Wiki structure and presentation 1/1
Is your wiki page clear and easy to follow, with consistent formatting?
YES
Do you effectively use tables, figures and subheadings to communicate your work?
YES
NH3 0.5/1
Have you completed the calculation and given a link to the file?
YES
Have you included summary and item tables in your wiki?
YES
Have you included a 3d jmol file or an image of the finished structure?
YES
Have you included the bond lengths and angles asked for?
YES
Have you included the “display vibrations” table?
YES
Have you added a table to your wiki listing the wavenumber and intensity of each vibration?
YES
Did you do the optional extra of adding images of the vibrations?
YES
Have you included answers to the questions about vibrations and charges in the lab script?
YES, however you claimed to expect 3 experimental bands and give no reasons for this number.
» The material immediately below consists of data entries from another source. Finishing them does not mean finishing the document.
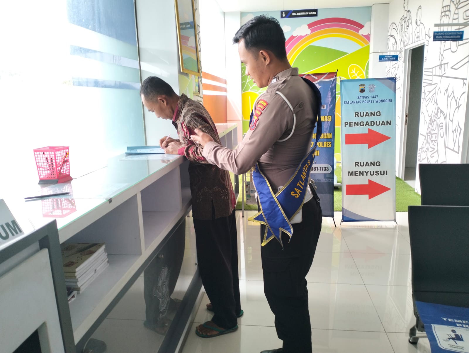 Wonogiri – Dalam upaya meningkatkan kualitas pelayanan publik, anggota Satuan Lalu Lintas (Satlantas) Polres Wonogiri, Briptu Fajar, memberikan sosialisasi kepada pemohon Surat Izin Mengemudi (SIM) di ruang pendaftaran Satpas Polres Wonogiri, Senin (27/10/2025) pukul 08.30 WIB.
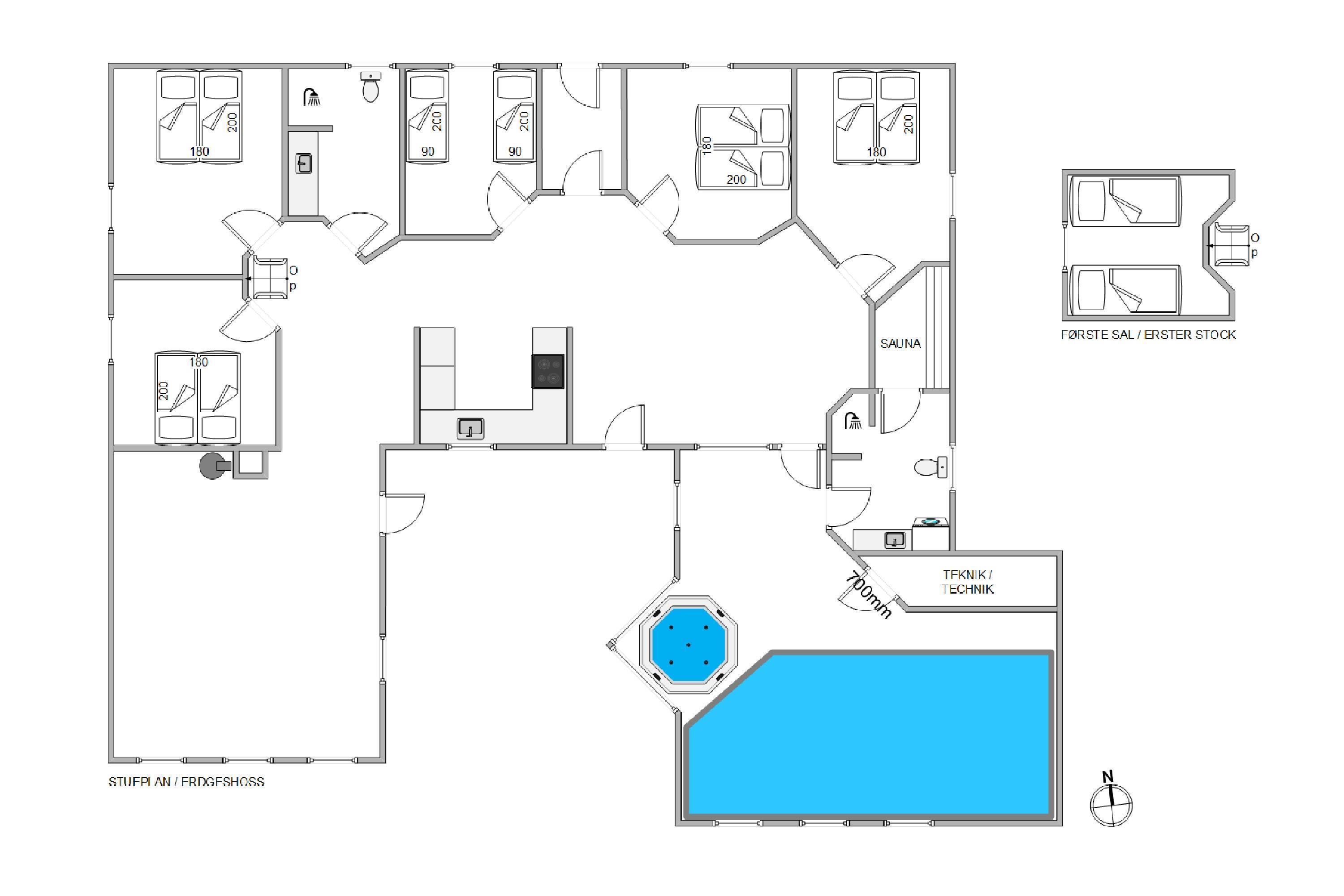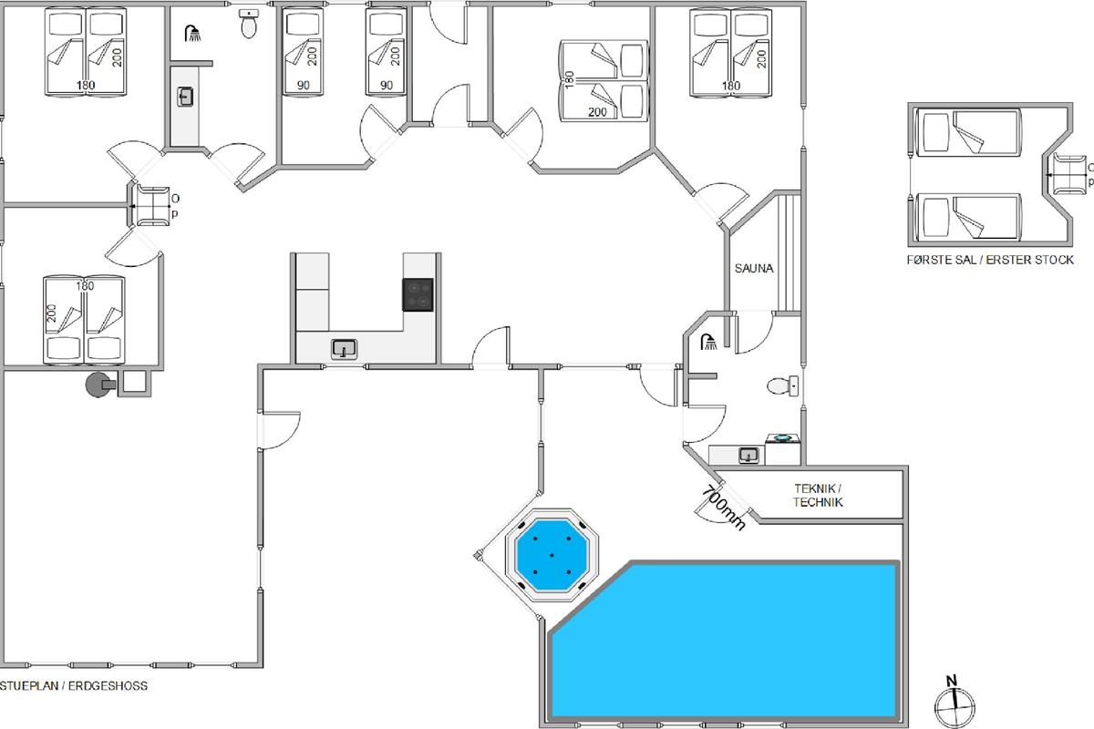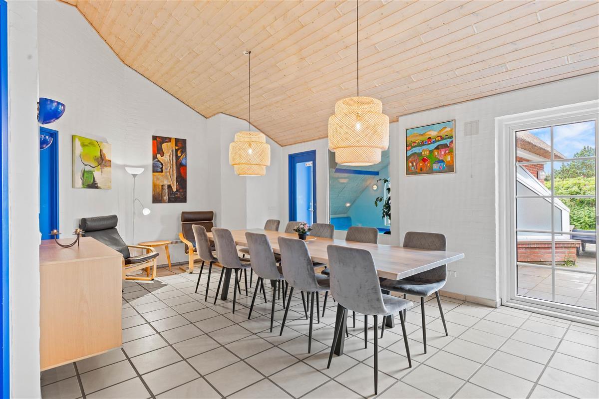 The dining area provides direct access to the holiday home's pool area, featuring an 18-square-metre swimming pool and hot tub. This section also houses one of the two bathrooms with underfloor heating, where you'll find the holiday home's sauna. There are plenty of opportunities for relaxation and unwinding. The convenient location of the pool area means you can keep an eye on children from the dining area.
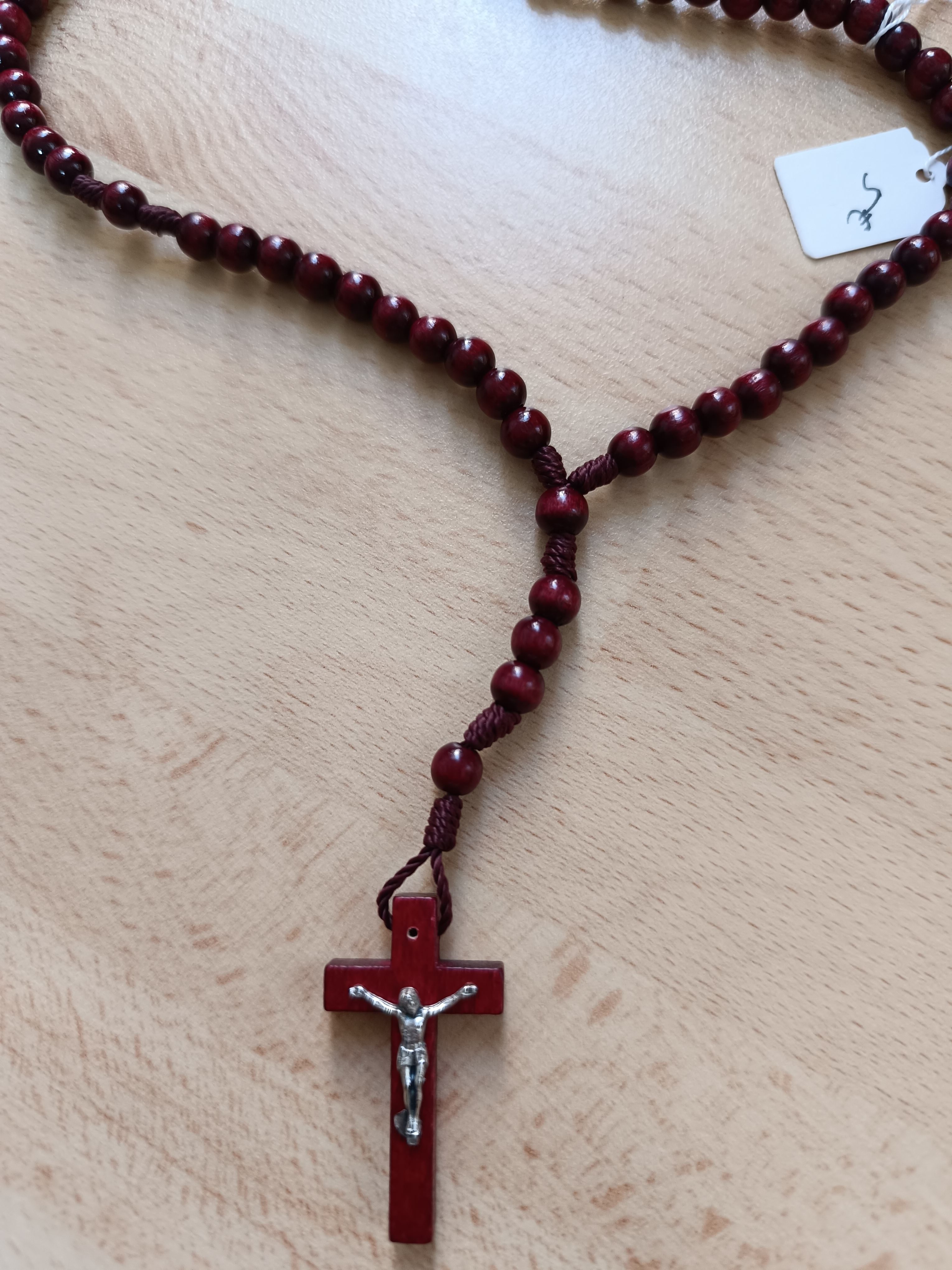 Chapelet avec grains bois rouge 5mm sans coeur avec Christ en métal argenté sur croix en bois rouge. Lg 17+9 Quantité : 3 |

You correctly stated that there are two sets of degenerate modes - this explains a spectrum with 4 peaks. However there are only 2 peaks visible as peaks 4, 5 and 6 are of too low an intensity to be visible.
N2 and H2 0.5/0.5
Have you completed the calculations and included all relevant information? (summary, item table, structural information, jmol image, vibrations and charges)
YES, you could have explained that the charges are 0 as the electronegativities are equal.
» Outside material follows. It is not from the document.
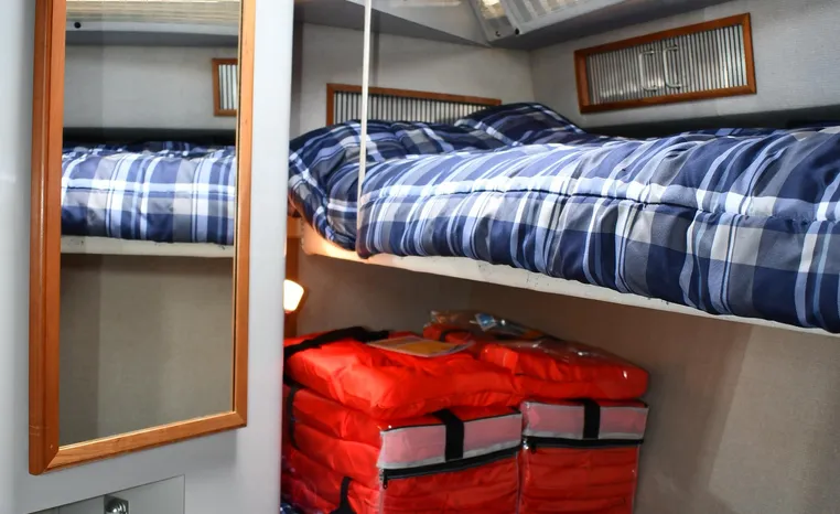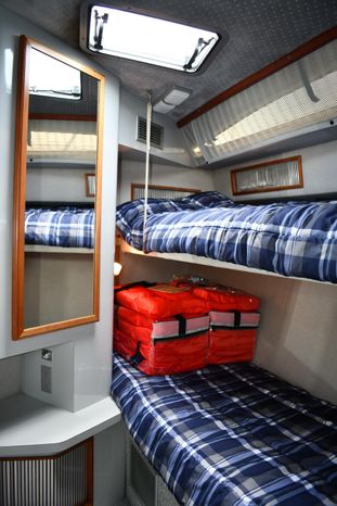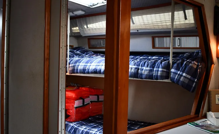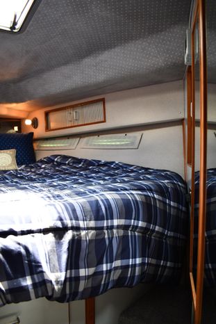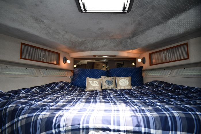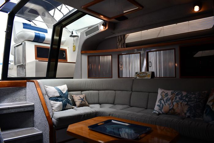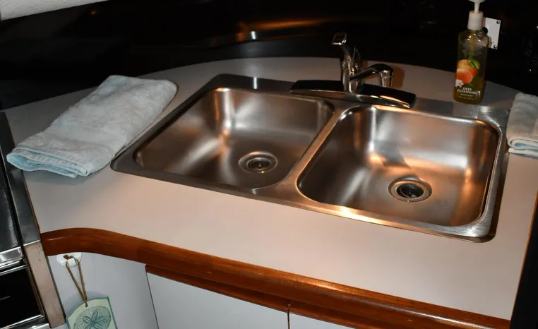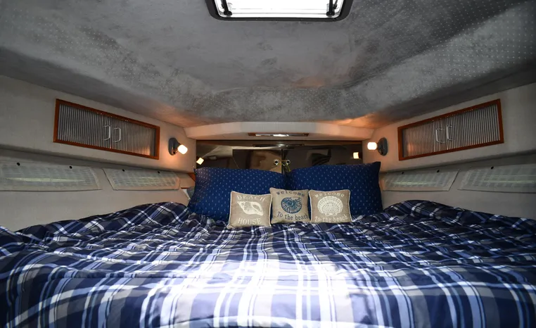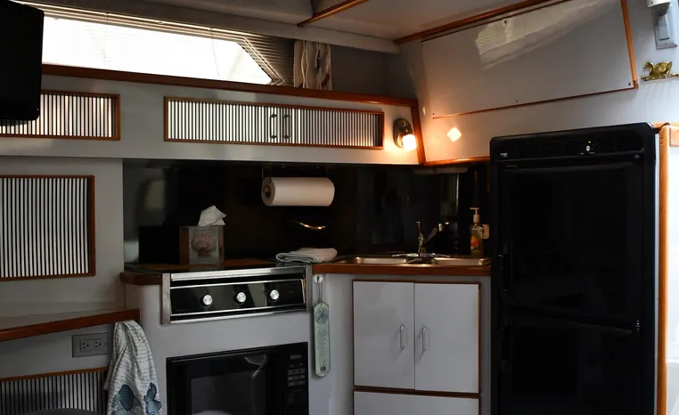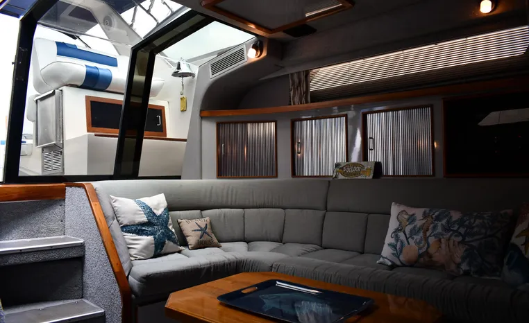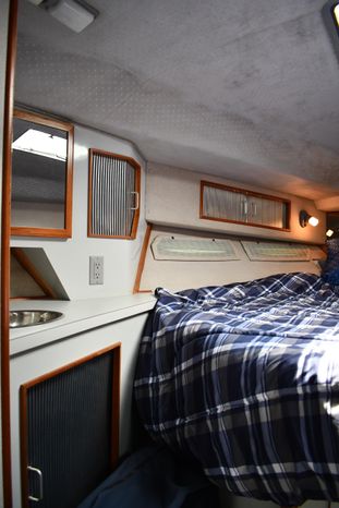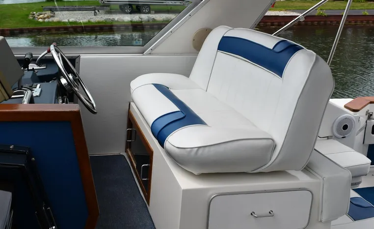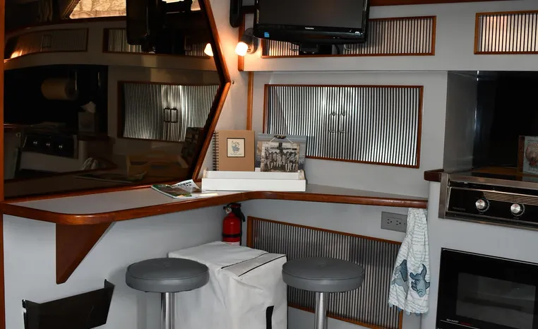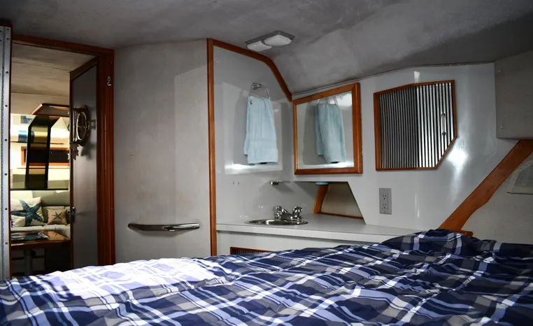 The 390 Express Cruiser turned out to be one of the most popular boats ever built by Sea Ray. First of the big production express boats when she came out in 1984, her sleek lines and European styling--tame by today's design standards--made a lasting impression on the mid-1980's sport boat market. Below, her expansive two-stateroom interior is arranged with a queen berth forward and a combined galley-and-breakfast bar facing the curved settee in the salon. The guest stateroom is unique: it's separated from the salon by a retractable mirrored bulkhead. Slide it away, convert the bunk berths into a sofa, and the area actually becomes part of the main cabin. The 390's interior was updated twice over the years changing from the original wood grain mica to teak in 1986, and to a white-mica/teak-trim decor in 1988. Topside, the single-level cockpit is huge with seating for as many as eight passengers.

Crystal structure comparison 0.5/0.5
Have you included a link to a structure from the CCDC that includes a coordinated N2 or H2 molecule?
YES
Have you compared your optimised bond distance to the crystal structure bond distance?
YES - however you state a positive charge on the nitrogen to be the reason for an increase in NN-bond length. You should have discussed a decrease of the electron density between the N atoms which leads to a lower bond strength and higher bond length.
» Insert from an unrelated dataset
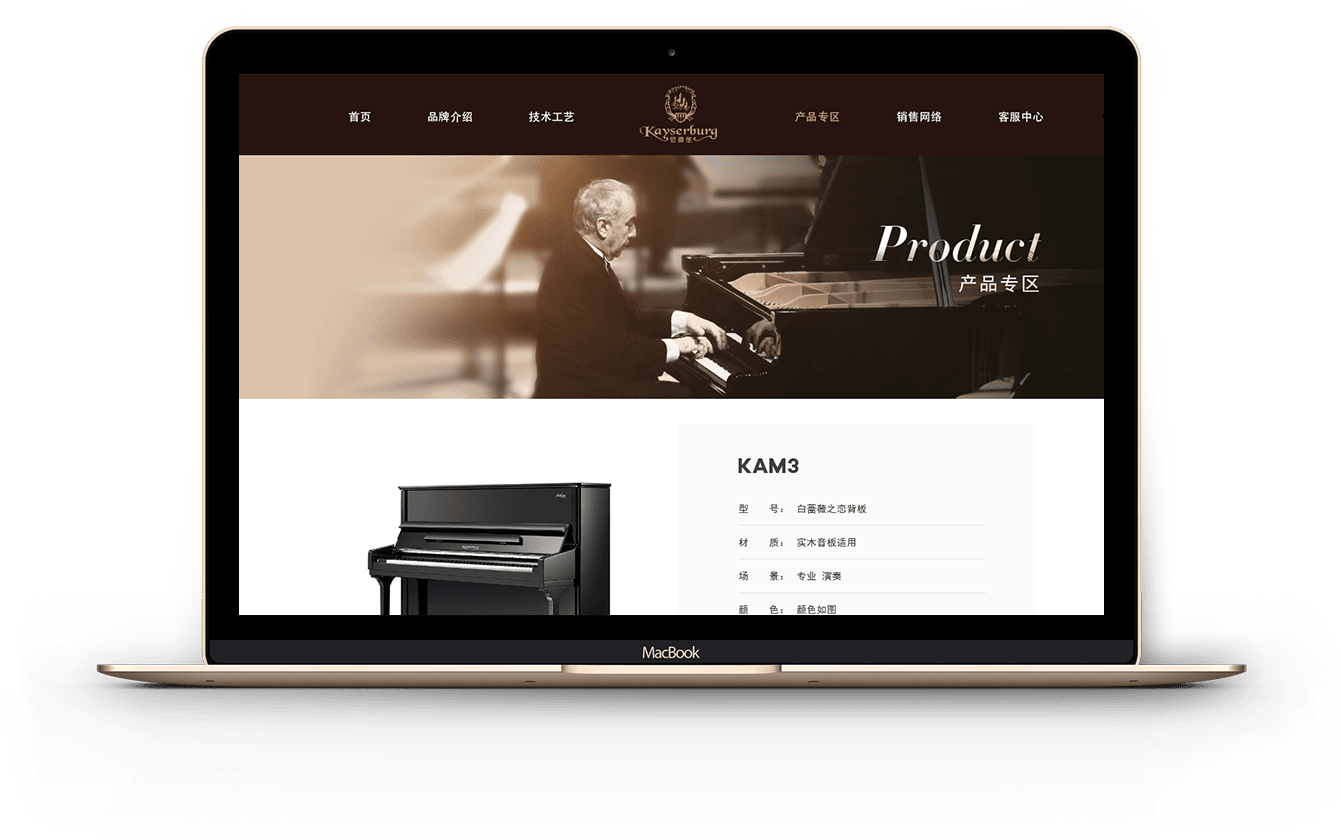 “愷撒堡”一詞在歐洲代表著皇室貴族。通過網(wǎng)站的搭建,為的是引導(dǎo)出具體的品牌,將通過獨(dú)具特色的優(yōu)勢,來打響品牌的知名度。更加具體形象化的讓受眾了解到“愷撒堡鋼琴”的魅力,不僅僅是一架鋼琴,更是代表對完美品質(zhì)和卓越品位的追求。
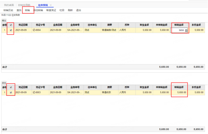 選種要核銷的憑證,填寫上核銷的金額,點(diǎn)表頭的核銷

Haber-Bosch reaction energy calculation 1/1
Have you correctly calculated the energies asked for? ΔE=2*E(NH3)-[E(N2)+3*E(H2)]
YES
Have you reported your answers to the correct number of decimal places?
YES
Do your energies have the correct +/- sign?
YES
Have you answered the question, Identify which is more stable the gaseous reactants or the ammonia product?
YES
Your choice of small molecule 4.5/5
Have you completed the calculation and included all relevant information?
YES
Have you added information about MOs and charges on atoms?
You have done a good job of presenting this information, very well done! You calculated Sbf5 and in the section discussing the charge distribution you stated : 'The charge values of nitrogen are -0.626 for 3 atoms and -0.637 for 2 atoms'.This sentence does not make sense at all as the molecule is not containing nitrogen!
Independence 0.5/1
If you have finished everything else and have spare time in the lab you could: Check one of your results against the literature, or Do an extra calculation on another small molecule, or Do some deeper analysis on your results so far
You have included a discussion of a technical issue occurring in gaussian - great! However you basically summarised a discussion in an online forum. For a full mark this section should be based on your own results.